Thansk for the quick reply!

This is the encoder definition directly from their repo:

class Projection(nn.Module):
    def __init__(self, d_in: int, d_out: int, p: float=0.5) -> None:
        super().__init__()
        self.linear1 = nn.Linear(d_in, d_out, bias=False)
        self.linear2 = nn.Linear(d_out, d_out, bias=False)
        self.layer_norm = nn.LayerNorm(d_out)
        self.drop = nn.Dropout(p)

    def forward(self, x: torch.Tensor) -> torch.Tensor:
        embed1 = self.linear1(x)
        embed2 = self.drop(self.linear2(F.gelu(embed1)))
        embeds = self.layer_norm(embed1 + embed2)
        return embeds

class AudioEncoder(nn.Module):
    def __init__(self, audioenc_name:str, d_in: int, d_out: int, sample_rate: int, window_size: int,
            hop_size: int, mel_bins: int, fmin: int, fmax: int, classes_num: int) -> None:
        super().__init__()

        audio_encoder = get_audio_encoder(audioenc_name)

        self.base = audio_encoder(
            sample_rate, window_size,
            hop_size, mel_bins, fmin, fmax,
            classes_num, d_in)

        self.projection = Projection(d_in, d_out)

    def forward(self, x):
        out_dict = self.base(x)
        audio_features, audio_classification_output = out_dict['embedding'], out_dict['clipwise_output']
        projected_vec = self.projection(audio_features)
        # print("audio projected_vec requires_grad=", projected_vec.requires_grad)
        return projected_vec, audio_classification_output

class TextEncoder(nn.Module):
    def __init__(self, d_out: int, text_model: str, transformer_embed_dim: int) -> None:
        super().__init__()
        self.text_model = text_model
        self.base = AutoModel.from_pretrained(text_model)

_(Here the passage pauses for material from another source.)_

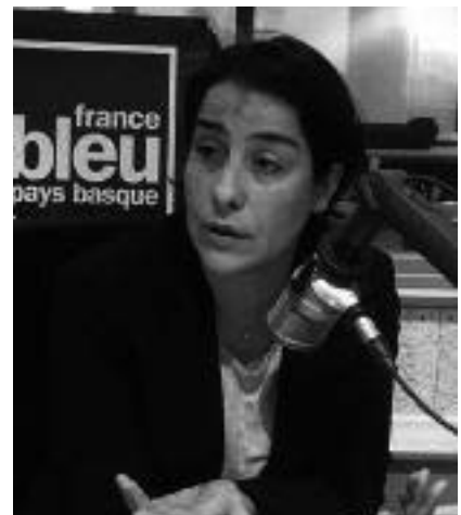
Senator Frédérique Espagnac

Het is de Franse senatrice Frédérique Espagnac uit het departement Pyrénées Atlantiques die zich als bemiddelaarster opwierp en de zaak van de ETA-ontwapening tot op het hoogste niveau van de Franse politiek aankaartte. Tot dan toe had de Franse staat de Spaanse desiderata met betrekking tot de strijd tegen ETA op de voet gevolgd, daar het ETA-geweld als een 'buitenlands' probleem werd beschouwd. Maar de zaak-Luhuso bracht toch een kentering omdat de Franse overheid zich bewust werd van het feit dat de wapens zich tenslotte op haar grondgebied bevonden, dat ze een gevaar voor de bevolking uitmaakten én dat de samenleving in Frans-Baskenland zich ook zeer betrokken toonde bij dit probleem. Ook de lokale politieke autoriteiten en niet in het minst de prefect van Pyrénées Atlantiques die ook nog eens adjunct-kabinetschef was geweest van de Franse eerste minister Bernard Cazeneuve , stelden alles in het werk om door te dringen tot president François Hollande . Op radio

        if 'clip' in text_model:
            self.clip_text_projection = self.base.text_projection
            self.base = self.base.text_model
            if 'base' in text_model:
                transformer_embed_dim = 512
        
        self.projection = Projection(transformer_embed_dim, d_out)

    def forward(self, x):
        if 'clip' in self.text_model:
            pooled_output = self.base(**x)[1] # get pooled output
            out = self.clip_text_projection(pooled_output)  # get CLS token output
        elif 'gpt' in self.text_model:
            batch_size = x['input_ids'].shape[0]
            hidden_states = self.base(**x)[0] # (batch_size=4, seq_len, 768)

            sequence_lengths = torch.ne(x['input_ids'], 0).sum(-1) - 1 # tensor([13, 14, 18, 17])
            out = hidden_states[torch.arange(batch_size, device=hidden_states.device), sequence_lengths] # [batch_size, 768] = [4, 768]
        else:
            out = self.base(**x)[0]
            out = out[:, 0, :]  # get CLS token output
        
        projected_vec = self.projection(out)

        return projected_vec

The HTSAT model to encode audio is defined here: CLAP/msclap/models/htsat.py at main · microsoft/CLAP · GitHub

The text encoder simply load the pretrained GPT2 model.

And sorry for not being clear. For more context, initially I run the training loop for only 1 iteration, with batch size = 5, on 100 samples. I did not see the batches’ loss decrease much - they all hover around a certain point (depending on the temperature parameter of the loss function). This leads me to wonder if I made a mistake in the loss function, or there is something in the model that prevents the parameters to be updated.

Now when I printed out the grad of parameter 0 and -4, I see that param 0 has no grad, while param -4’s grad changed.

I also noticed that is param 0 is not updated, while param -4 is updated after .step()

Just an update: after alternating learning rate and batch size, and testing on a smaller dataset of 300 samples, I have seen the loss reducing after each epochs. I guess that means the code works as expected (unless you spot any errors in the code pieces I posted).